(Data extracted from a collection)
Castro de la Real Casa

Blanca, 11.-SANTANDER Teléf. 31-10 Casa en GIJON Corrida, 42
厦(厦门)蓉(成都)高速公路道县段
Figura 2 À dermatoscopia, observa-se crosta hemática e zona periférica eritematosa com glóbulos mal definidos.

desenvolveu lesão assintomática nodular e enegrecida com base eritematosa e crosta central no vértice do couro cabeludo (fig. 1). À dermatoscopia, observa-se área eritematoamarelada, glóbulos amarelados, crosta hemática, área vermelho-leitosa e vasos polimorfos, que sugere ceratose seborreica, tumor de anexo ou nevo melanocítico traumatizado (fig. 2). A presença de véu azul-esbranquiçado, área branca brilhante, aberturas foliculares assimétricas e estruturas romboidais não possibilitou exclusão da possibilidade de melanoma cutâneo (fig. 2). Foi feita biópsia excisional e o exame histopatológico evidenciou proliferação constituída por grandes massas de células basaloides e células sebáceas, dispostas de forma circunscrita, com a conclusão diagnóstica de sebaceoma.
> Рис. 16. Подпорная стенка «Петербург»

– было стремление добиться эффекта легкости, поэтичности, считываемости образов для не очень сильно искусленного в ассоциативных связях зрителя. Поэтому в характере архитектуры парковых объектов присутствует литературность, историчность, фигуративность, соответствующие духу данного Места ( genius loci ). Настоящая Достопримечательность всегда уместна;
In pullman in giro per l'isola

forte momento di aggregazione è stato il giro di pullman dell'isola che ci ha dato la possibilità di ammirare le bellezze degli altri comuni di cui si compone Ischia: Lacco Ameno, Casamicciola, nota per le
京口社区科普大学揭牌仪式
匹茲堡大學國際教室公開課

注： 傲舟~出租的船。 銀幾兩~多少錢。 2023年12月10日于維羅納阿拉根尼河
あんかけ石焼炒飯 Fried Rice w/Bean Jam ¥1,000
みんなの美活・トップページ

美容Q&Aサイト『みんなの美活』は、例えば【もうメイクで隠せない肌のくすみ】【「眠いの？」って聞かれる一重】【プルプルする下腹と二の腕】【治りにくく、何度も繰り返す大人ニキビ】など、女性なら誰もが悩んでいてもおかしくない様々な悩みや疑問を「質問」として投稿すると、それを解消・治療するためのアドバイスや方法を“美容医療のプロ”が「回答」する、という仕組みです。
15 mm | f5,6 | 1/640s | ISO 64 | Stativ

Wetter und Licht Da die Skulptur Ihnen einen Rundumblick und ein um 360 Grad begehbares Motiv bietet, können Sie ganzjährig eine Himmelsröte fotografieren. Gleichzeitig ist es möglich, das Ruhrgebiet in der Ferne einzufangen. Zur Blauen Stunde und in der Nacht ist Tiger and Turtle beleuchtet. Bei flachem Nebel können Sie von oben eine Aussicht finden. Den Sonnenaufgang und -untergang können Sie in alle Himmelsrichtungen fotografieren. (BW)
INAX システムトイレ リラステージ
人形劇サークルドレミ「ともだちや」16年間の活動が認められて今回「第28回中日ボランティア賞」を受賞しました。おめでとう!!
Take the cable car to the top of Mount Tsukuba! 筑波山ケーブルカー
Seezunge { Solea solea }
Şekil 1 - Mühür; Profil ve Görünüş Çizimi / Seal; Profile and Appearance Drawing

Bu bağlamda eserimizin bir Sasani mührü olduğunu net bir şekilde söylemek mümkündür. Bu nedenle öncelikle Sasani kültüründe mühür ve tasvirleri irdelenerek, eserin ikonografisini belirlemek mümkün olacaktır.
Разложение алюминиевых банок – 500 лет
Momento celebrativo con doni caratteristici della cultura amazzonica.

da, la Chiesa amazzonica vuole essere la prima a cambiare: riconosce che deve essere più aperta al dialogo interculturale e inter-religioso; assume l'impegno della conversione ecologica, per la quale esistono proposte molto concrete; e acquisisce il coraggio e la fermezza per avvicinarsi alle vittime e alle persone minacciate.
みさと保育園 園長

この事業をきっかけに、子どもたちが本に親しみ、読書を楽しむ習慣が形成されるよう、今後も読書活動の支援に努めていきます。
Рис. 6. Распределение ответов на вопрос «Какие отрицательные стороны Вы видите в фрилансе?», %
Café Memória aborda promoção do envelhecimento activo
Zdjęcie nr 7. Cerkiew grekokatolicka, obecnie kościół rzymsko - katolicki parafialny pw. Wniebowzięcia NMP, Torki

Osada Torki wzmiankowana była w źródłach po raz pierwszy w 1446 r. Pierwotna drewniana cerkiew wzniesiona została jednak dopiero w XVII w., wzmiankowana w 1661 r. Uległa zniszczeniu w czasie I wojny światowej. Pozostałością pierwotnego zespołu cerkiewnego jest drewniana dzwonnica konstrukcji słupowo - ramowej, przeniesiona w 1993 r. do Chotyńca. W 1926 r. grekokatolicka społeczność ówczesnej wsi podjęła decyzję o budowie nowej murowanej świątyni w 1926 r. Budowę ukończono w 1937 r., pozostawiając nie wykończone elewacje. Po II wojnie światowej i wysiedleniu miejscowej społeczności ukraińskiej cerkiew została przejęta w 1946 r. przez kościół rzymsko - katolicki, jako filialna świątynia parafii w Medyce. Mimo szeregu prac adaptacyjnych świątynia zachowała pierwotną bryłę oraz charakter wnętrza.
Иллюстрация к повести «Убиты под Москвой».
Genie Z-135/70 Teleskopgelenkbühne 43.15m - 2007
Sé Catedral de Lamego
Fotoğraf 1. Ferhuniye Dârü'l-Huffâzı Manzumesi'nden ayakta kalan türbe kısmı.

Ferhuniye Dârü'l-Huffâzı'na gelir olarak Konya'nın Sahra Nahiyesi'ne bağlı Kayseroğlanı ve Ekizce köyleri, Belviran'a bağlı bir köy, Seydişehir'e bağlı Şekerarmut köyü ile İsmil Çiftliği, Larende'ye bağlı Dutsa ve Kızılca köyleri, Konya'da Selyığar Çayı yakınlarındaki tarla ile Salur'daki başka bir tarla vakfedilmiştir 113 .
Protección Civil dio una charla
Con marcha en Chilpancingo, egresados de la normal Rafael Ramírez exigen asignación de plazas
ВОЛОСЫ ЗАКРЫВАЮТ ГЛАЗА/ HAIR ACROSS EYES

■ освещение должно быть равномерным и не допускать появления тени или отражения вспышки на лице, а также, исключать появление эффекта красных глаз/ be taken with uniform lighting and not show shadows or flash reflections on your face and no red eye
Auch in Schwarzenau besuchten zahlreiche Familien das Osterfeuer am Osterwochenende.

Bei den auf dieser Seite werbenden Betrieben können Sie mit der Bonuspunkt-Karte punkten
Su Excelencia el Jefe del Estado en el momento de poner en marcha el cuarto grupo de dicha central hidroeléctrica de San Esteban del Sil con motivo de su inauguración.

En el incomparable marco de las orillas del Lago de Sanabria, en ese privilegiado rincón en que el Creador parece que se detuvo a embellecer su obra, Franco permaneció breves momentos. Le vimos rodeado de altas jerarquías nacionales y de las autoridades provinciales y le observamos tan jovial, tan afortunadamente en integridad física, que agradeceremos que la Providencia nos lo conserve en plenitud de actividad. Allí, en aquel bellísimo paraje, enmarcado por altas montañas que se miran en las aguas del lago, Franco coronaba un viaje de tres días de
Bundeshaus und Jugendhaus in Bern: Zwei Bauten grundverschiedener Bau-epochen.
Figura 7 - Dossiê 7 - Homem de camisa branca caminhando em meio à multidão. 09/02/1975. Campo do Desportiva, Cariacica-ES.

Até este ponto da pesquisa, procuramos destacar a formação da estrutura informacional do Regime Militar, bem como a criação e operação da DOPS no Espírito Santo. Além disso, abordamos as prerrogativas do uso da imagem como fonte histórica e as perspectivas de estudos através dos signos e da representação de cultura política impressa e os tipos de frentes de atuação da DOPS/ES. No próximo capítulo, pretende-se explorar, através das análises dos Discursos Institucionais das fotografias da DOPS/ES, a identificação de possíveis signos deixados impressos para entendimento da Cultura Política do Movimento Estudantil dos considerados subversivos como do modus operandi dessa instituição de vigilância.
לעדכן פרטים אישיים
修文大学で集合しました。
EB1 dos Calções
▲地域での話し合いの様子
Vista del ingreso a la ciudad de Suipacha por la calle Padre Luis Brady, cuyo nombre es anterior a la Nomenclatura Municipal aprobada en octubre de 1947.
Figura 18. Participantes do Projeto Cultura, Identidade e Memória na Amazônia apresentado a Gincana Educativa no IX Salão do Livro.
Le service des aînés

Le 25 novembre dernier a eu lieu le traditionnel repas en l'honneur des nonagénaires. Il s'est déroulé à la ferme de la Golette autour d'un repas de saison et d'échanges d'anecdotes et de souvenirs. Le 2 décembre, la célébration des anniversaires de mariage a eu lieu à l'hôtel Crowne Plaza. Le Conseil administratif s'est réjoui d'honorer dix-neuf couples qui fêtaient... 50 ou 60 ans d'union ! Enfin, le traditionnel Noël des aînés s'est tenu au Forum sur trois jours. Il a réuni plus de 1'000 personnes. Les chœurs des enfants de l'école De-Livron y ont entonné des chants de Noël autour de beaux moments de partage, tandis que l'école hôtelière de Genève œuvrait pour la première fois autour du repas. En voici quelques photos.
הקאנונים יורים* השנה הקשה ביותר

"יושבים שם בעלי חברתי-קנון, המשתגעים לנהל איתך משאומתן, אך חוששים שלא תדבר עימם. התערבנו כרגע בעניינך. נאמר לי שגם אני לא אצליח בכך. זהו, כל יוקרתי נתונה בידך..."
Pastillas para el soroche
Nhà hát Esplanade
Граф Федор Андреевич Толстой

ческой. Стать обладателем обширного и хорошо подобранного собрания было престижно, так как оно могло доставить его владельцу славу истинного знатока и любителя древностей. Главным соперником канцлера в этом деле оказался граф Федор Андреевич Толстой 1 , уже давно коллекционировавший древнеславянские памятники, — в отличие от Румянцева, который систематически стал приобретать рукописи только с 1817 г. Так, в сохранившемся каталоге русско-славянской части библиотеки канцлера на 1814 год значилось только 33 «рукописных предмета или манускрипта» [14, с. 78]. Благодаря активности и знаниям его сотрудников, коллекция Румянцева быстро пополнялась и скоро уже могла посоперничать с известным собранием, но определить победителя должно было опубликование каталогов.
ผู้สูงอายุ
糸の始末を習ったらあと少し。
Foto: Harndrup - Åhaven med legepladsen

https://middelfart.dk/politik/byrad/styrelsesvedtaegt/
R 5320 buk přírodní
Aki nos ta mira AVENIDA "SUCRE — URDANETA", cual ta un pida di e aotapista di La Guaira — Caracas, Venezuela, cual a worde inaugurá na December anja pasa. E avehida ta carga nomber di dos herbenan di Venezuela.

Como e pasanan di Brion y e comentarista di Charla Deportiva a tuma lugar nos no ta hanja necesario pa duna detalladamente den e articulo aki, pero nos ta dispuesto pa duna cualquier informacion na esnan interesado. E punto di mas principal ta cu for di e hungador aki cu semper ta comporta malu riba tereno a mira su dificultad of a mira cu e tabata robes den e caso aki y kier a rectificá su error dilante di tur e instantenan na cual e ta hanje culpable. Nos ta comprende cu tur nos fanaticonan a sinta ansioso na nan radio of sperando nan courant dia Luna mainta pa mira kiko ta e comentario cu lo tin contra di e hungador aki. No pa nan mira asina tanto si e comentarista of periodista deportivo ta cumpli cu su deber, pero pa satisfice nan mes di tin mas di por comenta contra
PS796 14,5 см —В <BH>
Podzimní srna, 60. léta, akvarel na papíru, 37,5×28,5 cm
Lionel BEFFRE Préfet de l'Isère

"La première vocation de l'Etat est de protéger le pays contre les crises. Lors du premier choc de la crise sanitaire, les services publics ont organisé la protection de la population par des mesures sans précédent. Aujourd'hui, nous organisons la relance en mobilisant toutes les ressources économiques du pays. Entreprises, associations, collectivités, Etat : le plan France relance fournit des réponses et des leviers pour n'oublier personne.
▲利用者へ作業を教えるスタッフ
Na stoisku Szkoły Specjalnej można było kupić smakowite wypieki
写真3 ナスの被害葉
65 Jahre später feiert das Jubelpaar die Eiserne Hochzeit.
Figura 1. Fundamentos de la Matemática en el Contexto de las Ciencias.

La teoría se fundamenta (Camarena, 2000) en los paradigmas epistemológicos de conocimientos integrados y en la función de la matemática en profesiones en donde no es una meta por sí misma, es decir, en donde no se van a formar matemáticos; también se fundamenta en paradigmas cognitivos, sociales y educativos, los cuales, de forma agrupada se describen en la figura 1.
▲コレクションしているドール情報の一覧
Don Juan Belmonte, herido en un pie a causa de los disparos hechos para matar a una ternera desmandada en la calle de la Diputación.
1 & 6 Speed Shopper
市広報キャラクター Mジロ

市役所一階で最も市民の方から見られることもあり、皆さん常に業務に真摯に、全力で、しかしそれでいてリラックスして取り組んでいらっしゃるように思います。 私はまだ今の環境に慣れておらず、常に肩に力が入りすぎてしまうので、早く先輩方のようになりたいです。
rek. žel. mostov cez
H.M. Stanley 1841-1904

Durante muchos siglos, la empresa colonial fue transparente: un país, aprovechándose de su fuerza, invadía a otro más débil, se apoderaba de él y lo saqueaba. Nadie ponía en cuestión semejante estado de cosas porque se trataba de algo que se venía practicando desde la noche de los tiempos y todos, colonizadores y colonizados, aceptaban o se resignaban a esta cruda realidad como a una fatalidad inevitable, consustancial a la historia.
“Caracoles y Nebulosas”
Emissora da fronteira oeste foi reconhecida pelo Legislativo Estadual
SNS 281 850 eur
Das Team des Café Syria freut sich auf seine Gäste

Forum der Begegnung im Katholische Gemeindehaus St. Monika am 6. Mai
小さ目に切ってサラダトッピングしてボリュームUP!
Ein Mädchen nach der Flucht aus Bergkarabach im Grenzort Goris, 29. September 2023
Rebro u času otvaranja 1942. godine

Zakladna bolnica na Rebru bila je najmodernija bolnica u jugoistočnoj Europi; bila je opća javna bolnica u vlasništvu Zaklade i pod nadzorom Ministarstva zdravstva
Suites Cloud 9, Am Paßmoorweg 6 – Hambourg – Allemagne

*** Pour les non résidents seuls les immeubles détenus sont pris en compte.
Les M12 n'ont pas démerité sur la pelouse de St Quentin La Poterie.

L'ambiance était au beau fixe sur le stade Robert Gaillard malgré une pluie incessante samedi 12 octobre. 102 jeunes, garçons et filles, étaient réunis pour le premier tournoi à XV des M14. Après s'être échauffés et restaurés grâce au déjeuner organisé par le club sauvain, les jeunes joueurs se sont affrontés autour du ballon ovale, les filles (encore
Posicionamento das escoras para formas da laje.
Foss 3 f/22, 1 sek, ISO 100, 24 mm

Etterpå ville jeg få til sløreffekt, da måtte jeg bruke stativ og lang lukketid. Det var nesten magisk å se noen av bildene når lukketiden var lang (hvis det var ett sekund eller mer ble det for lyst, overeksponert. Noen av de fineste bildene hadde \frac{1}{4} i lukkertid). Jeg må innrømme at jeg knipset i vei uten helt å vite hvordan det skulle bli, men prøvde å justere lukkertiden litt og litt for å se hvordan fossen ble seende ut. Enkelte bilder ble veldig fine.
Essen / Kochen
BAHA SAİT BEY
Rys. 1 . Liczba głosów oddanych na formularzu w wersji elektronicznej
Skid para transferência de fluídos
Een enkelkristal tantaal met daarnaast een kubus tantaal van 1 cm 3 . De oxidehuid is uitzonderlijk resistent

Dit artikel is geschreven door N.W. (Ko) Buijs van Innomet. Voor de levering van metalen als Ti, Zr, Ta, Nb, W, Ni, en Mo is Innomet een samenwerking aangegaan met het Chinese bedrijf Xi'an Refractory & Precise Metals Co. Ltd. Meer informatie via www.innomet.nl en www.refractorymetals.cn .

### TASK ITEM
Scan the data above and copy each line containing the word "amazzonica".

### REPLY TO THE EXERCISE
Momento celebrativo con doni caratteristici della cultura amazzonica.
da, la Chiesa amazzonica vuole essere la prima a cambiare: riconosce che deve essere più aperta al dialogo interculturale e inter-religioso; assume l'impegno della conversione ecologica, per la quale esistono proposte molto concrete; e acquisisce il coraggio e la fermezza per avvicinarsi alle vittime e alle persone minacciate.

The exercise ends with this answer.